In addition to national programs like Meaningful Use, state laws and subsequent change can impact development costs on our products. Some examples include varying state laws on radiation dosage tracking and the reporting of breast density in mammography tracking. Both state and national regulations are becoming increasingly focused on health IT, and it has caused roadmap changes for our products.

With regard to interoperability, the Office of the National Coordinator (ONC) has published an interoperability roadmap titled Connecting Health and Care for the Nation: A 10-year vision to Achieve Interoperable Health IT Infrastructure first published in June 2014 and updated in October 2014, which will impact virtually all of our products if implemented. It contains both standards for clinical data definitions and standards for the mechanisms of moving such data among providers and patients.

Our Large Stockholders may have Interests that Differ from other Stockholders.

Merrick Ventures, LLC (Merrick Ventures) and its affiliates, including Merrick Venture Management Holdings, LLC (Merrick Holdings), beneficially own, as of April 20, 2015, 24.0% of our outstanding capital stock entitled to vote on matters submitted for the vote of our stockholders. Michael W. Ferro, Jr., our Chairman of the Board, and trusts for the benefit of Mr. Ferro’s family members beneficially own a majority of the equity interests in Merrick Ventures and Merrick Holdings. Mr. Ferro also serves as the chairman and chief executive officer of Merrick Ventures and Merrick Holdings. Accordingly, Mr. Ferro indirectly owns or controls all of the shares of our common stock owned by Merrick Ventures and Merrick Holdings. Due to their stock ownership, Merrick Ventures and Merrick Holdings have significant influence over our business, including the election of our directors.

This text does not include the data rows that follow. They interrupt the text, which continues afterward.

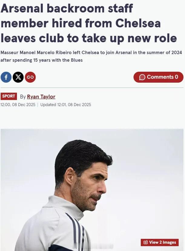 镜报记者RT消息,备受欢迎的软组织治疗师马诺埃尔-马塞洛-里贝罗已经离开阿森纳,这名在训练场上被称为“曼尼”或者“马努”的理疗师在2024年7月从切尔西加盟了枪手。报道称,当时这次任命曾被认为是阿尔特塔团队的重要调整,因为马努在2009年就加盟了切尔西,他在蓝军度过了收获颇丰的14年,且经验十分丰富,不过根据镜报的说法,马努现在准备离开职业足球圈,转而进军商界。据悉,除了加布里埃尔和马丁内利,马努在阿森纳工作期间和很多关键的一线队球员建立了亲密的关系,当年他在切尔西工作时据悉就和巴西(裔)帮的威廉、迭戈-科斯塔、大卫-路易斯、若日尼奥和席尔瓦等关系很好。
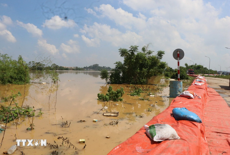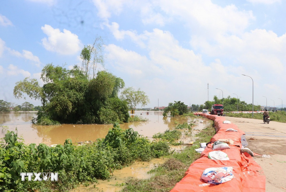 Tại trạm Phúc Lộc Phương, lũ đạt 9,79m, trên mức báo động 3 là 1,79m; tại Đáp Cầu lũ đạt 7,36m, trên báo động 3 là 1,06. (Ảnh: Thanh Thương/TTXVN)
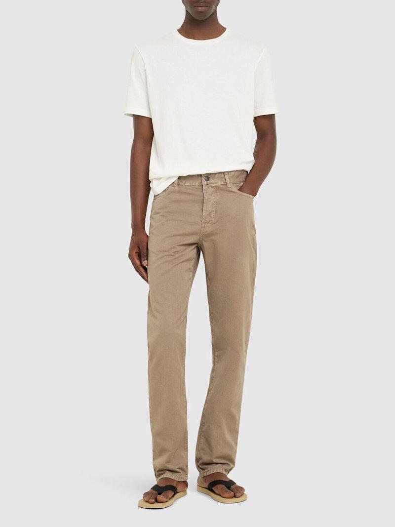 Carlisle棉质牛仔裤 - 灰褐色 - 男士 - The Row - 正面纽扣和隐藏式拉链开合.
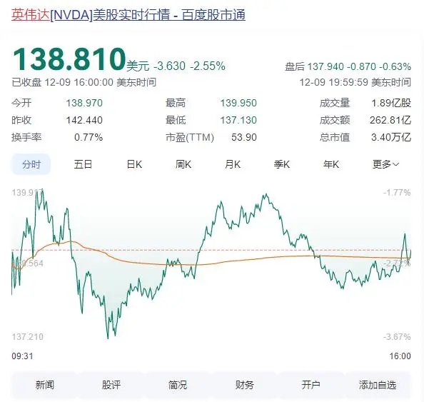 英偉達(dá)美股盤(pán)前跌幅擴(kuò)大至3% 科技
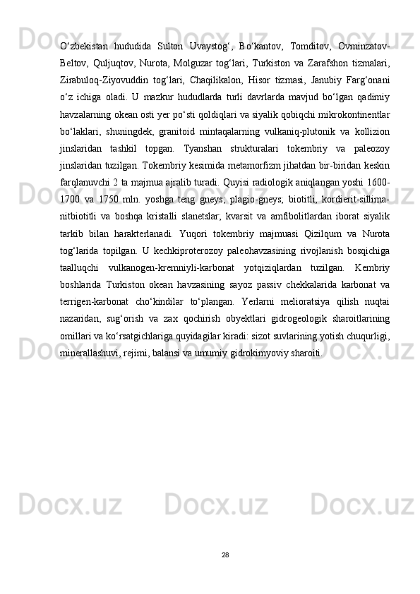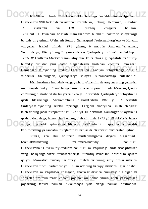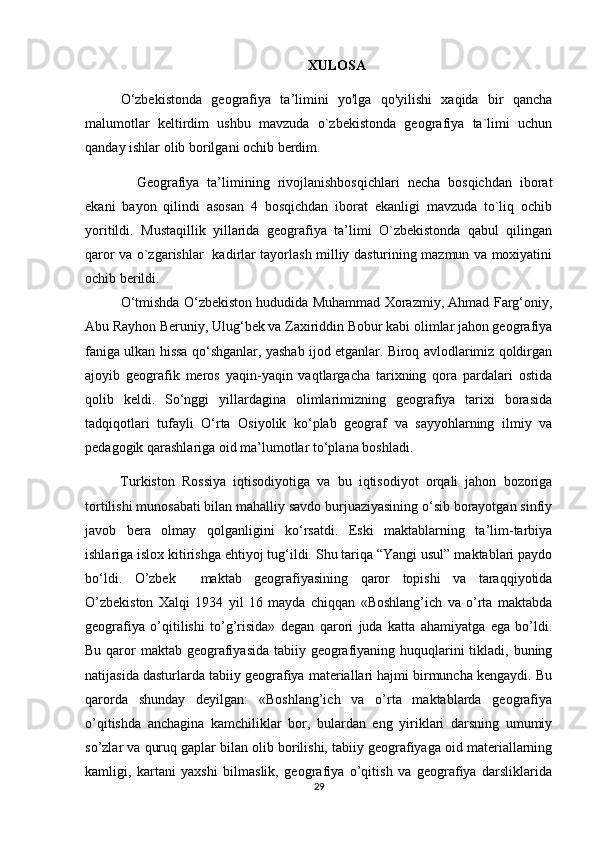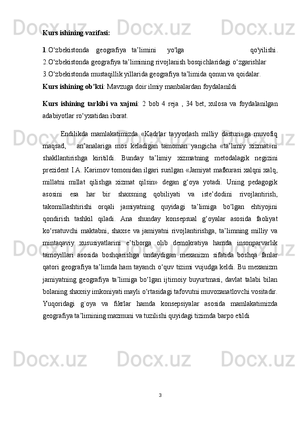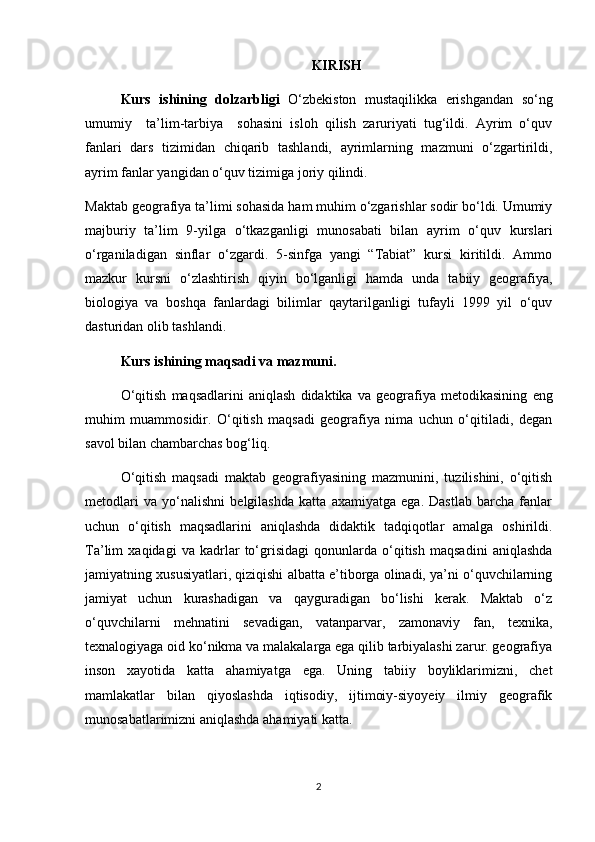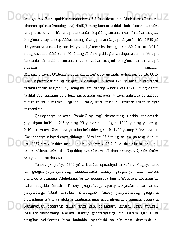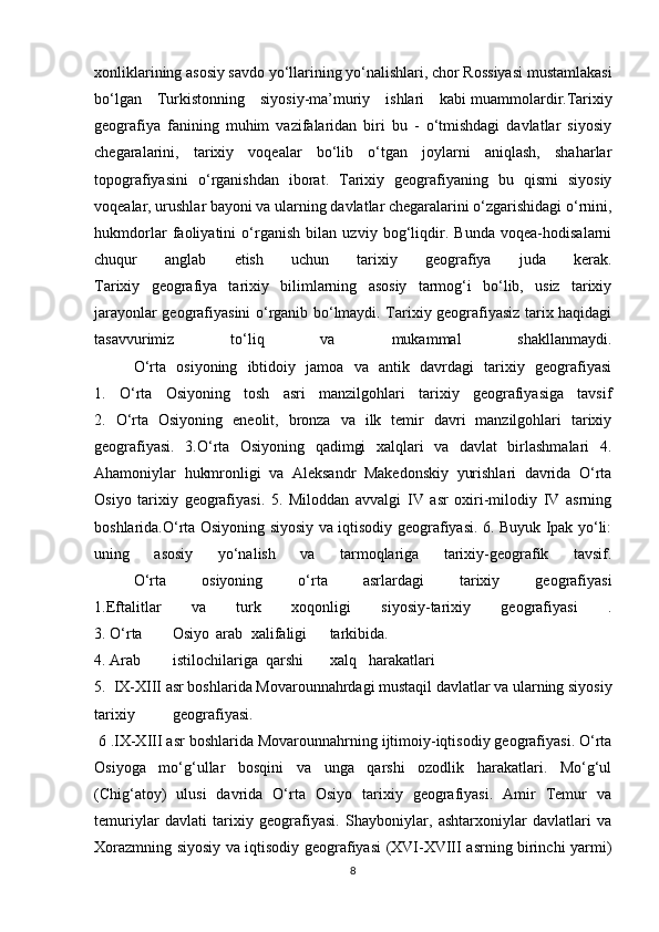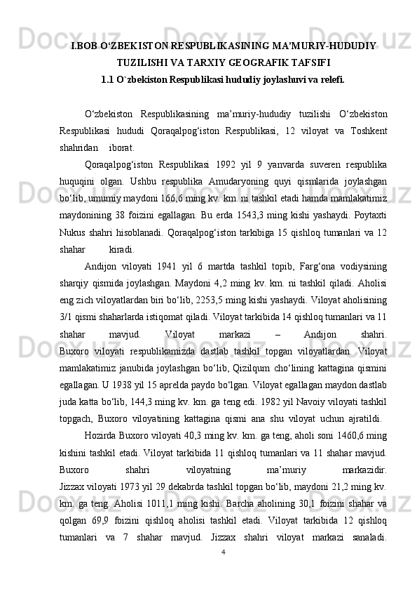 O’zbekiston tarixining geografik shakli, o’rni va tabiiy iqlim sharoiti
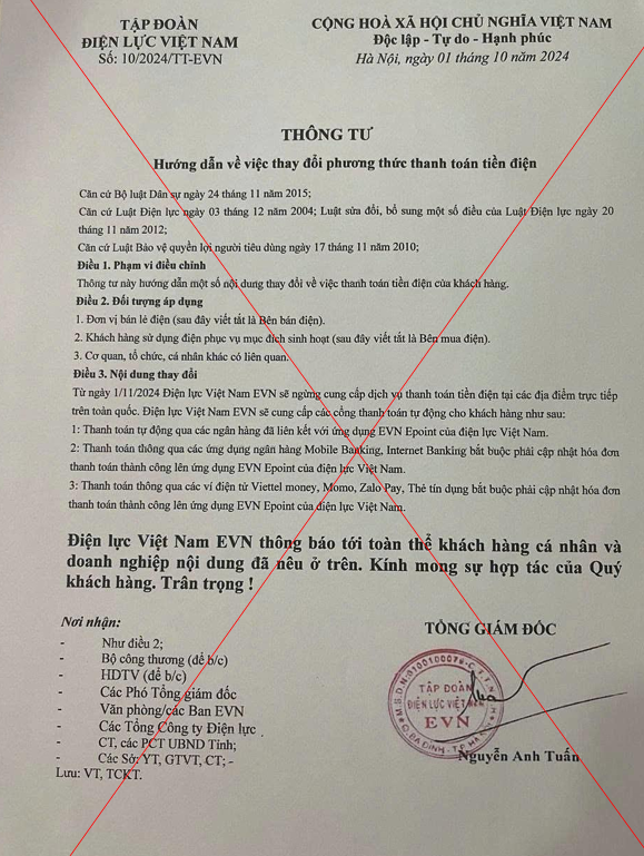 Các văn bản giả mạo Tập đoàn Điện lực Việt Nam.
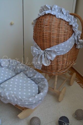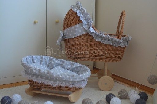 WIKLINOWY KOMPLET : PREMIUM WÓZEK DLA LALEK + KOŁYSKA SZARE GROSZKI
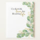 Create a personalised family meal planner with elegant watercolor eucalyptus wreath on white background decorated with two hearts. Use the template text to type your family name and years. Backside cover features a motivational saying Cook with love for healthy life in script and modern fonts. It's a cute gift idea for newlyweds and family for Christmas, New Year or any occasion.
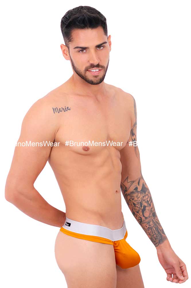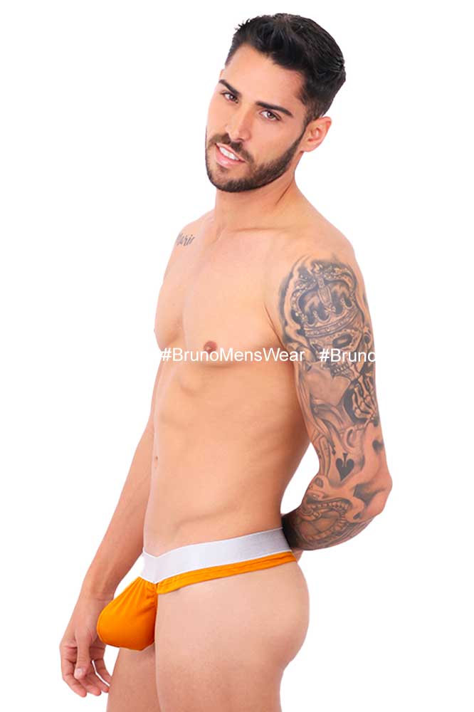 Made of “Silk-Cotton” mustard colored lycra fabric, with “silver” elastic at the waist; with “HIGHLIGHTER BULGE by BrunoMensWear” detail. Cut: Thong Bulge. Fabric composition: 95% cotton, 5% elastane.
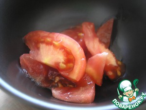 Разрезаем помидор пополам, а потом нарезаем дольками.
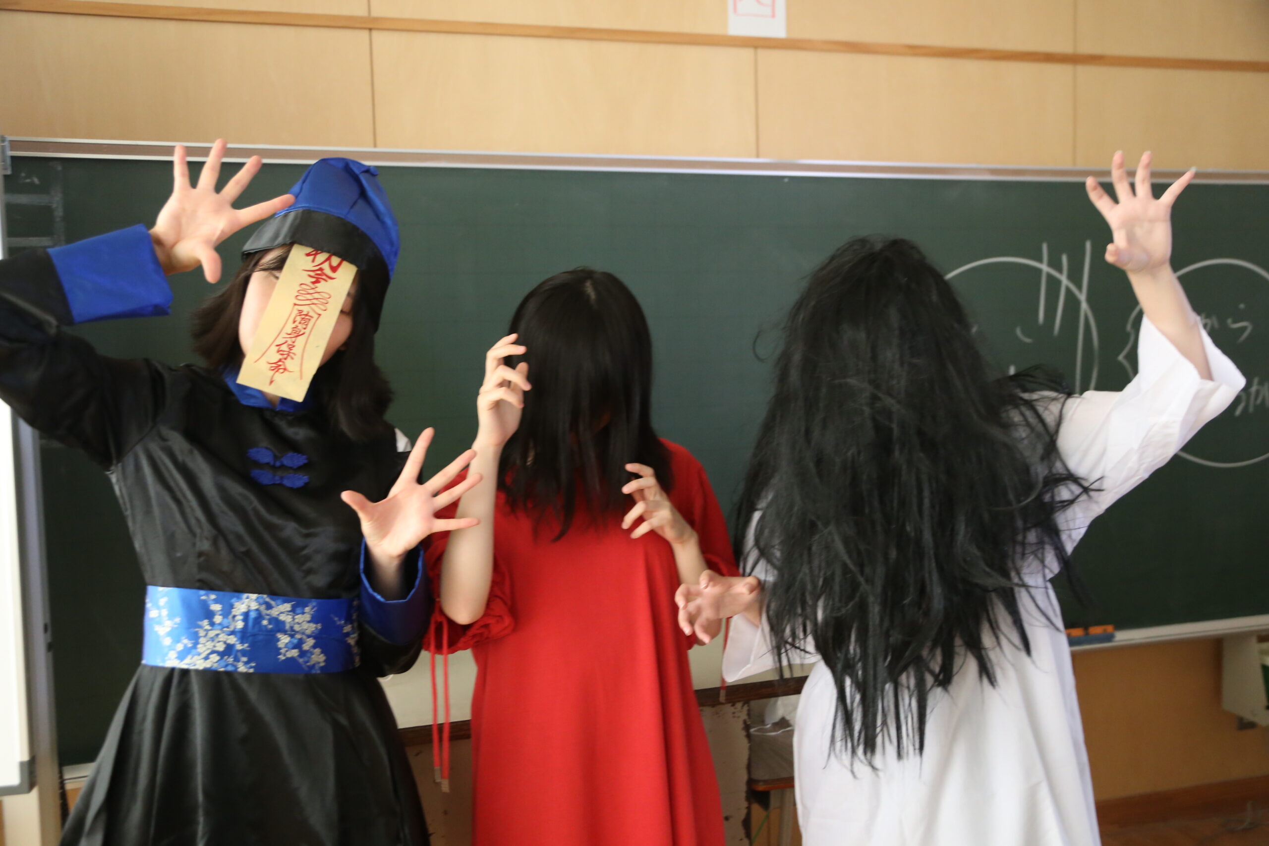 奥松島クラブハウスにて、「キョンシーの館」と題したおばけ屋敷を実施しました。子どもたちはお客さんに合わせた迫真の演技で驚かせ、突然のアクシデントに対する心理や対処法を考えながら実践しました。
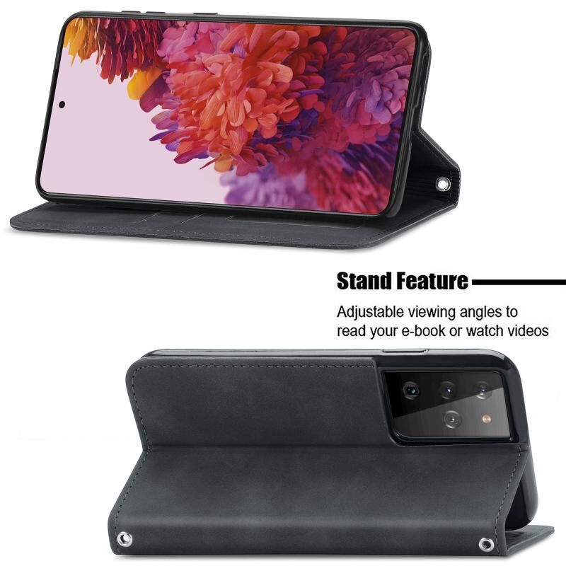 Για Samsung Galaxy S21 Ultra Retro Skin Feel Business μαγνητική οριζόντια Flip δερμάτινη θήκη με υποδοχές για κάρτες & πορτοφόλι & κορνίζα φωτογραφιών (Μαύρο)
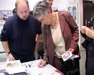 展銷會的組織者說,「我很喜歡法輪功的五套功法,讓人非常放鬆,我需要它。」她允許我們把法輪功的真相材料和請願書留在展廳的一張桌子上。她說,「你們可以隨時來這裏向人們介紹法輪功。」
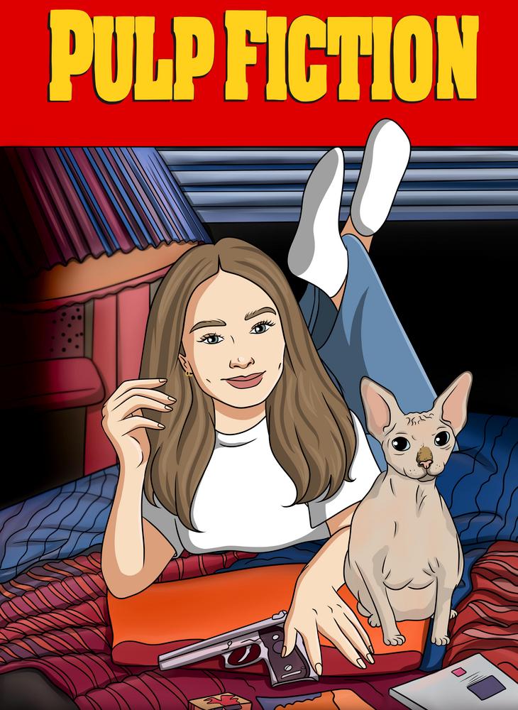 Pulp Fiction - personalizowany obraz, cartoonizowany portret
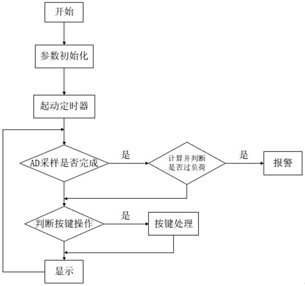 3 軟件設計 ACM的軟件流程主要包括A/D子程序、保護子程序、計算子程序、顯示子程序、按鍵處理子程序、通訊子程序等子程序,由于程序內容較多,現給出主程序流程(圖6)
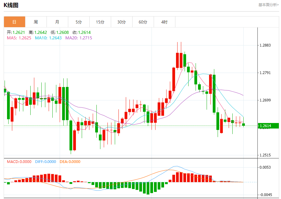 汇价高见1.2642,低见1.2608。上一交易日,汇价收于1.2624。
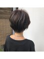 襟足、首周りをすっきりと見せるコンパクトショートボブ。ポイントにグリーンのハイライトをインナーに入れて遊びのあるスタイル。
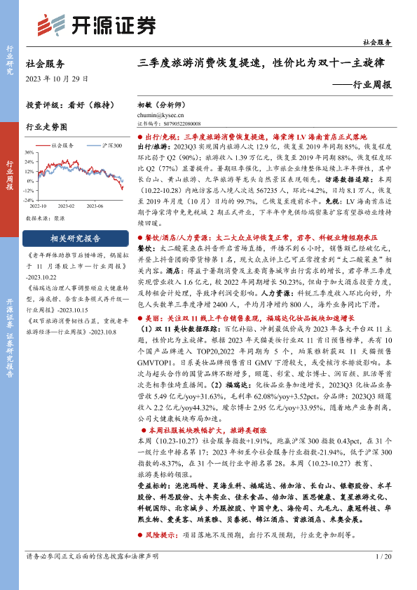 【开源证券】【20231029】三季度旅游消费恢复提速,性价比为双十一主旋律-20页
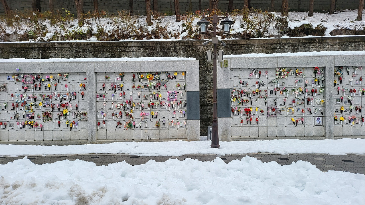 두 집 부부가 각기 아침 일찍 차를 몰고 달려갔다. 경기도 들어서자 여전히 쌓인 눈에 '어디야' 여사가 감탄사를 연실 내뱉으신다. 수원 아들 내외가 40cm 넘게 왔다고 했을 때 그러려니 했는데, 대단하다. 병환이나 고통 없이 노환이시니 복이라며 위로하고 평화로운 잠에 드시길 빌었다. 수원의 '연화장'은 장례식장, 승화장, 추모공간 모두가 있어 서울 시민들이 부러워한다. 일부러 '양' 선생이 진한 농담으로 웃기며 위로했다. 전자 상거래 귀신이 씌어, 이것저것 신상을 두 집에 건네주었다. '김' 교수 본인은 환경에도 후손에게도 좋다는 '잔디장'이 좋겠다고 한다.

The interests of Merrick Ventures, Merrick Holdings and their affiliates may differ from those of our other stockholders. Merrick Ventures, Merrick Holdings and their affiliates are in the business of making investments in companies and maximizing the return on those investments. They currently have, and may from time to time in the future acquire, interests in businesses that directly or indirectly compete with certain aspects of our business or that supply us with goods and services. Merrick Ventures, Merrick Holdings and their affiliates may also pursue start-up or acquisition opportunities that may be complementary to our business and, as a result, those opportunities may not be available to us. Merrick Ventures’ and Merrick Holdings’ significant ownership of our voting stock will enable it to influence or effectively control us and the influence of our large stockholders could impact our business strategy and also have the effect of discouraging others from purchasing or attempting to take a control position in our common stock, thereby increasing the likelihood that the market price of our common stock will not reflect a premium for control.  In addition, the holders of our Preferred Stock may exert similar influence.  See “Risk Factors—The Series A Investors may Exercise Significant Influence over us, Including Through Their Ability to Elect one of the Members of our Board of Directors.”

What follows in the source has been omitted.